Assessment of the role of CXCR1 and CXCR2 in IL-8-stimulated neutrophil transmigration of HPAEC

The involvement of CXCR1 and CXCR2 in the migration of neutrophils across HPAEC in response to IL-8 was examined by preincubating neutrophils for 15 min at 37°C with function-blocking Abs specific for CXCR1 or CXCR2, either alone or in combination, or with the corresponding isotype-matched IgG control mAb (1 µg of purified Ig/10⁶ neutrophils) before adding them to the HPAEC monolayers. The Abs were present for the duration of the migration assay. Migration of untreated neutrophils, and of neutrophils treated with Ab, was analyzed in response to IL-8 (10 nM) by the method detailed in Transmigration assay.

Statistical analysis

Results are summarized as means ± SEM. Multiple comparisons were performed using ANOVA with a Bonferroni post-test. Comparisons between two groups were assessed using either Student’s unpaired t test or the Mann-Whitney U test for nonparametric data. In all cases, statistical significance was considered at p < 0.05.

	Results

Top Abstract Introduction Materials and Methods Results Discussion References

 
Migration of neutrophils from patients with chronic or acute pulmonary infection

Neutrophils isolated from patients with chronic or acute pulmonary infection could be stimulated to migrate across monolayers of HPAECs in response to a chemotactic gradient of IL-8, LTB₄, or FMLP (Fig. 1A). In the absence of chemoattractant, no neutrophil migration was detected. For both chronic and acute neutrophils, a similar amount of migration was stimulated by all three chemoattractants with 50% of total neutrophils migrating after the 3-h incubation time. However, when this migration was compared with that of neutrophils from normal healthy subjects, it was found to be significantly lower when IL-8 or LTB₄ was the migratory stimulus (Fig. 1A). In response to IL-8, 71.6 ± 4.5% of normal neutrophils migrated, whereas migration of chronic and acute neutrophils was significantly less (p < 0.01) at 53.2 ± 3.4 and 45.2 ± 1.2%, respectively. For LTB₄, a similar 30% decrease in total migration (p < 0.01) was observed with chronic and acute neutrophils compared with control neutrophils: 52.6 ± 3.2% of chronic neutrophils and 52.2 ± 3.5% of acute neutrophils migrated to LTB₄ in contrast to 78.9 ± 4.8% migration of normal neutrophils. The decrease in migration observed with chronic and acute neutrophils was not as significant when FMLP was the migratory stimulus, with 51.2 ± 1.9% and 50.4 ± 4.7% of chronic and acute neutrophils migrating to FMLP, respectively, in contrast to 62.3 ± 3.5% migration observed with normal neutrophils.

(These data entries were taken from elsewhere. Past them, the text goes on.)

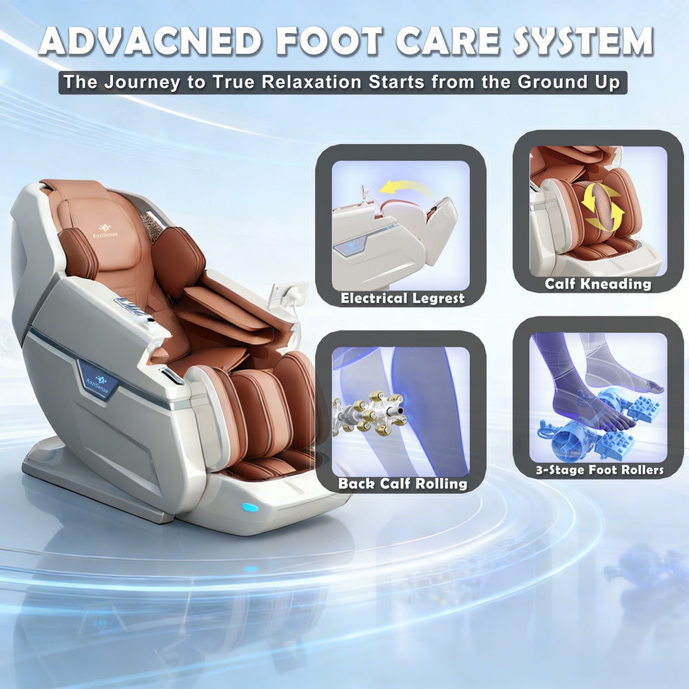The journey to true relaxation starts from the ground up. Our integrated foot care system combines 3-stage professional foot rollers with specialized calf kneading and rolling technology. By targeting key pressure points and improving circulation in the lower extremities, it effectively flushes away fatigue and restores vitality to tired legs after a long day of standing or walking.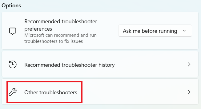 - In the next window, click Other troubleshooters in the Options field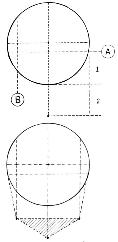 На этом рисунке мы видим сферу, разделенную пополам, а затем на сегменты. Обратите внимание на крест, который создается, когда линии, которые делят сферу на две половины, пересекаются. Удлиним вертикальные линии креста и добавим к сфере то, что придаст ей форму головы, все результирующие контрольные линии будут служить для правильного размещения элементов лица.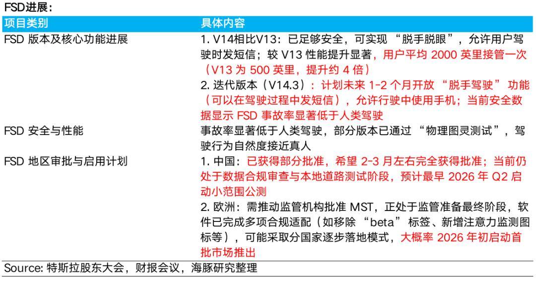 而对于FSD实现无监督驾驶的时间表,特斯拉虽然还没给出明确时间,但目前已在奥斯汀向公众提供了“无安全员、无跟随车”的完全的Robotaxi服务,而随着 FSD 版本的不断迭代及其安全性数据的指数级提升,特斯拉将按比例逐步减少对驾驶员的强制监控要求,直至最终在全球范围实现完全无监督。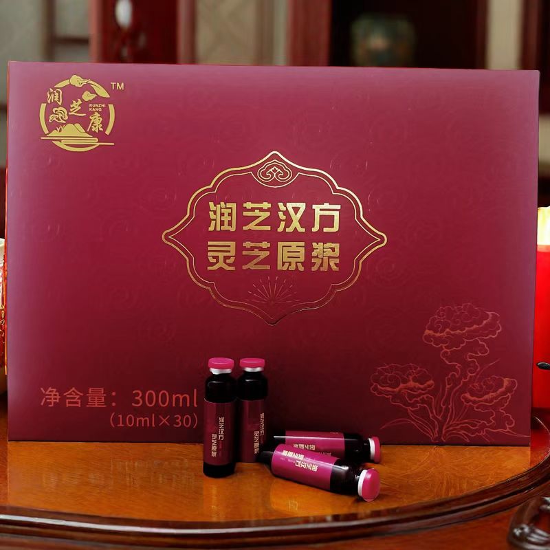 规格:每盒30支,每支10ml, 礼盒装,每天1-2支可以直接喝的灵芝,菌香味浓, 口齿留香,味道独特为国人研制的营养品, 自然营养,病弱养护,增添活力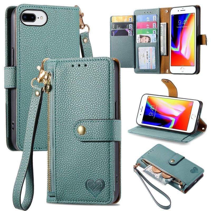 Θήκη τηλεφώνου από δέρμα με φερμουάρ και λουρί για iPhone 7 Plus / 8 Plus (Ροζ)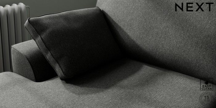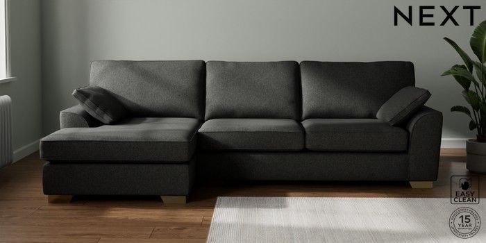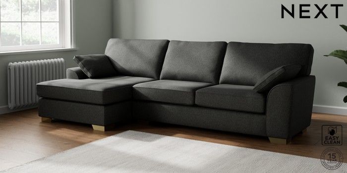 7.2.10 Stamford Large Sofa Chaise - Left Hand Tweedy Blend Easy Clean Charcoal Grey Large Square Angle - Brushed Brass | Made Click here to use our website with more accessibility support, for example screen readers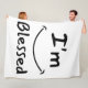 This fleece blanket showcases the words "I'm Blessed" in a unique mansalva print font with black letters plus smile icon in the centre with in bible faith based saying theme. This Blanket is made from 100% buttery soft and cozy polyester fleece with edge-to-edge vibrant full colour sublimation printing and double edge stitching with a off-white coloured back machine washable.
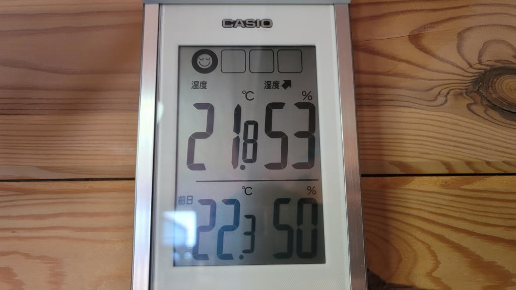 デスクトップPCの真上にある温湿度計が示す室温は21.8℃。ほ~ら、昨日よりも0.5℃低いじゃないか。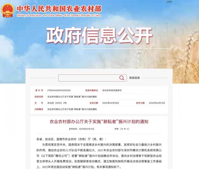 “耕耘者”振兴计划由农业农村部主导,腾讯公司出资,政企合作共同组织实施。项目突出需求导向、实践转化、长期扶持,旨在培养一批与乡村治理现代化相协调,与现代乡村产业需求相适应,能够引领一方、带动一片的乡村治理骨干和新型农业经营主体带头人队伍,真正发挥出“培养一个人、带动一个村”的作用。

View larger version (33K): [in this window] [in a new window]   FIGURE 1. Transendothelial migration (A) and adhesion (B) of neutrophils from patients with chronic or acute pulmonary infection, compared with normal. Neutrophils were isolated from normal healthy subjects (n = 7) and from patients with either chronic (n = 8) or acute (n = 6) pulmonary infection and were allowed to migrate across HPAEC in response to IL-8 (10 nM), LTB4 (0.1 µM), or FMLP (10 µM) as described in Materials and Methods. The percentage of adherent and migrated neutrophils was determined by comparison of MPO in neutrophils recovered from the HPAEC monolayers and the lower compartment of the Transwell system, respectively, with the total MPO content of neutrophils added to the system. Neutrophils that had not adhered to or migrated across the HPAEC monolayers were recovered from the upper compartment of the Transwell system and accounted for the remaining percentage of total neutrophils added to the system. Results are means ± SEM (*, p < 0.05; **, p < 0.01). PMN, polymorphonuclear neutrophils.

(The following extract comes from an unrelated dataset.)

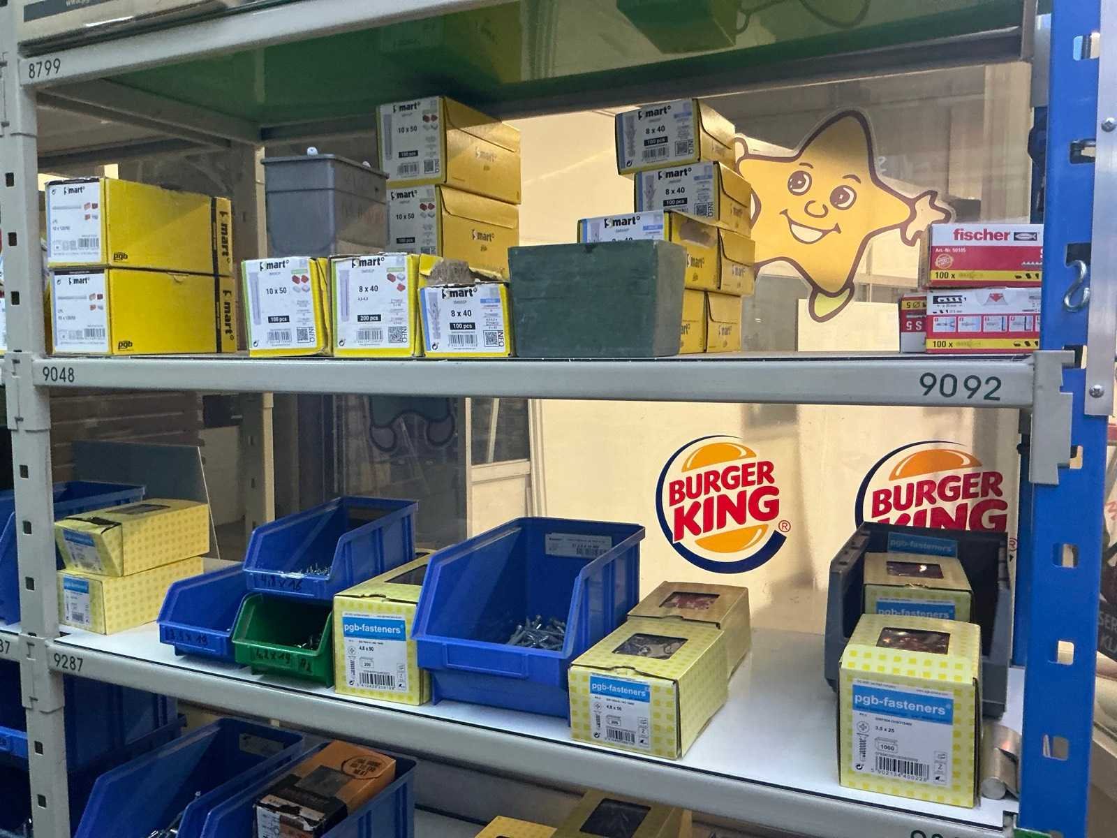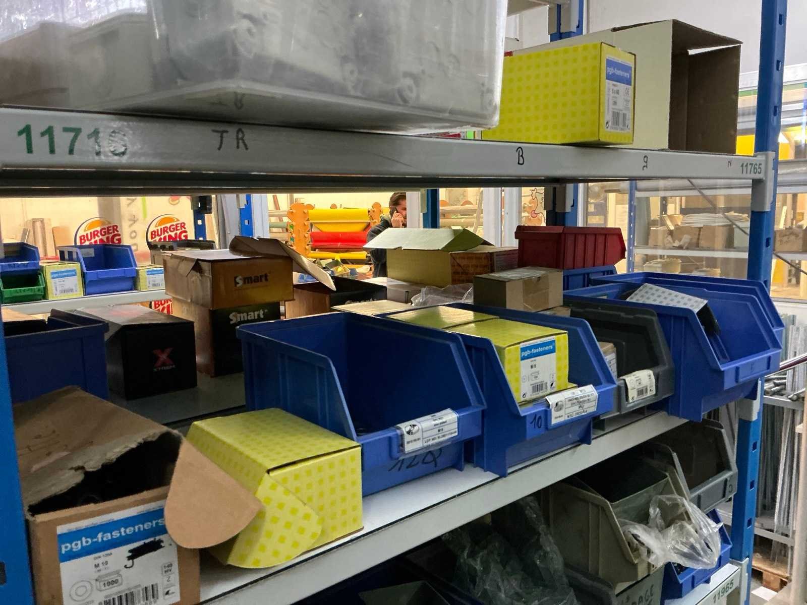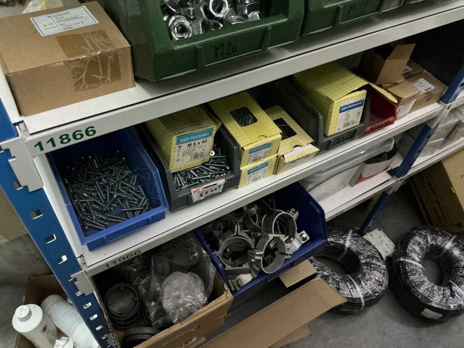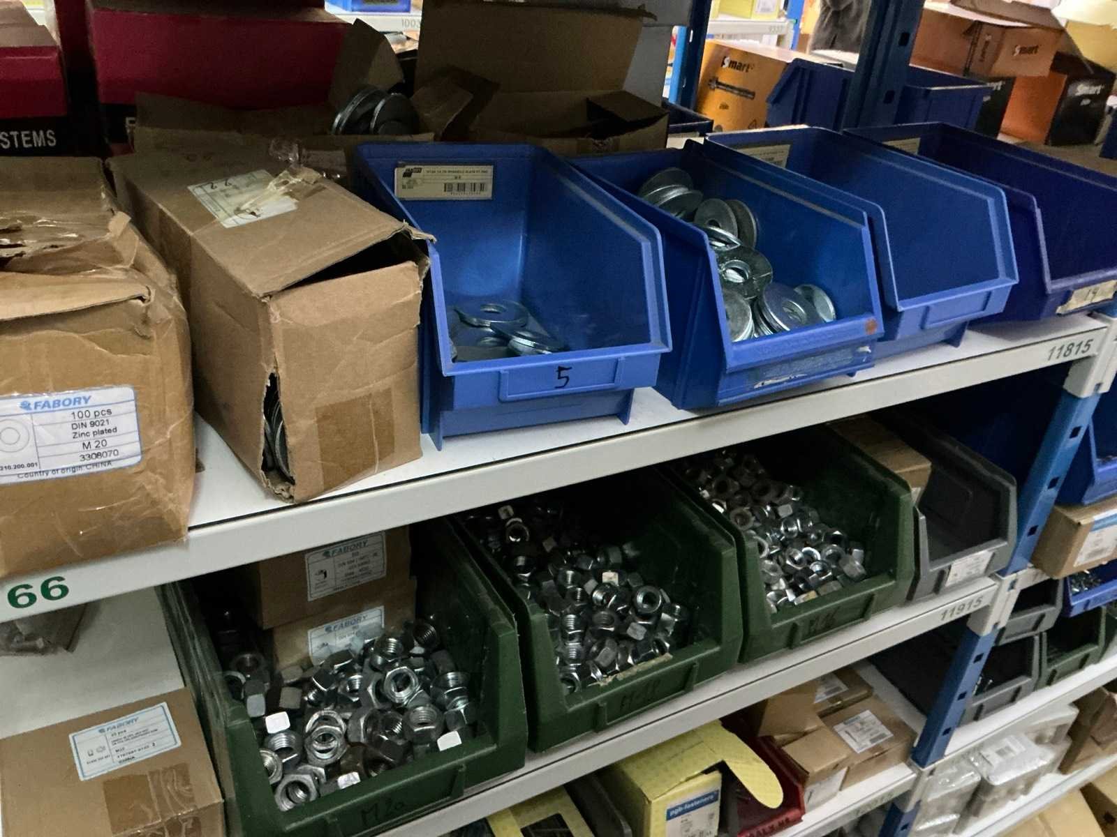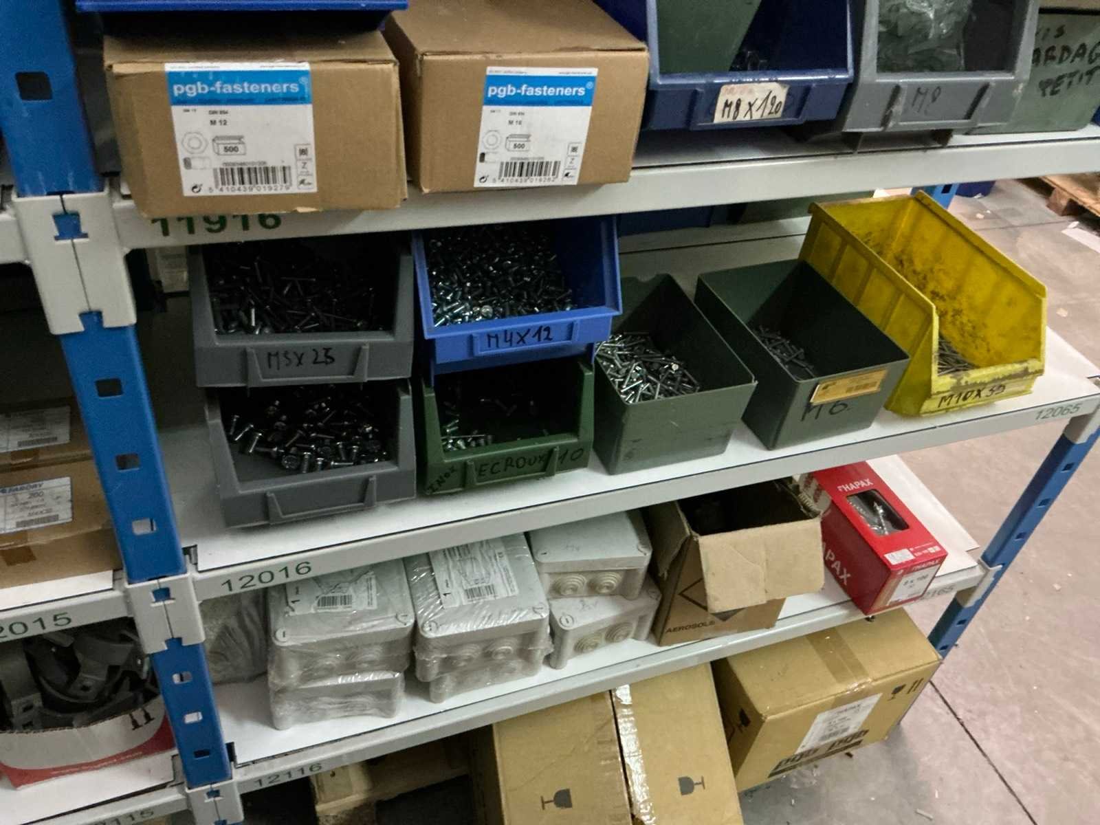 SPAX, INTERIXINGS, PGB, SOUDAL, GUNNEBO, SMART, FISCHER, SPIT, HILTI, MAXXFAST, FABORY bouten, moeren, rondellen, klemmen, oogschroeven en bouten, schroeven, hersluitingen, houtschroeven, isolatieschroeven, zelftapschroeven, pluggen, betonankers, staaldraad, afstandhouders, blindklinknagels, diverse siliconen en sealers, en kunststof afdekkapjes, in metalen magazijnstelling, betonboren, slijpschrijven,.., zonder stelling, compleet met dossierkast Nee Type: Grote

Assessment of the CD18 dependency of neutrophil migration from patients with chronic or acute pulmonary infection

When migration was stimulated by either IL-8 or LTB₄, chronic and acute neutrophils differed in the effect the presence of a function-blocking Ab to CD18 had on migration (Fig. 2). Chronic neutrophils, similar to control neutrophils, migrated to IL-8 and LTB₄ in a predominantly CD18-independent manner. Migration of chronic neutrophils to IL-8 (Fig. 2A) in the presence of anti-CD18 Ab (46.6 ± 2.7%) was not significantly less than migration in the presence of the isotype-matched control Ab (49.3 ± 2.7%). Similarly, migration of chronic neutrophils to LTB₄ (Fig. 2B) was not affected by the anti-CD18 Ab: 45.5 ± 2.3% of neutrophils migrated in the presence of anti-CD18 Ab compared with 48.8 ± 1.9% of neutrophils treated with isotype-matched control Ab.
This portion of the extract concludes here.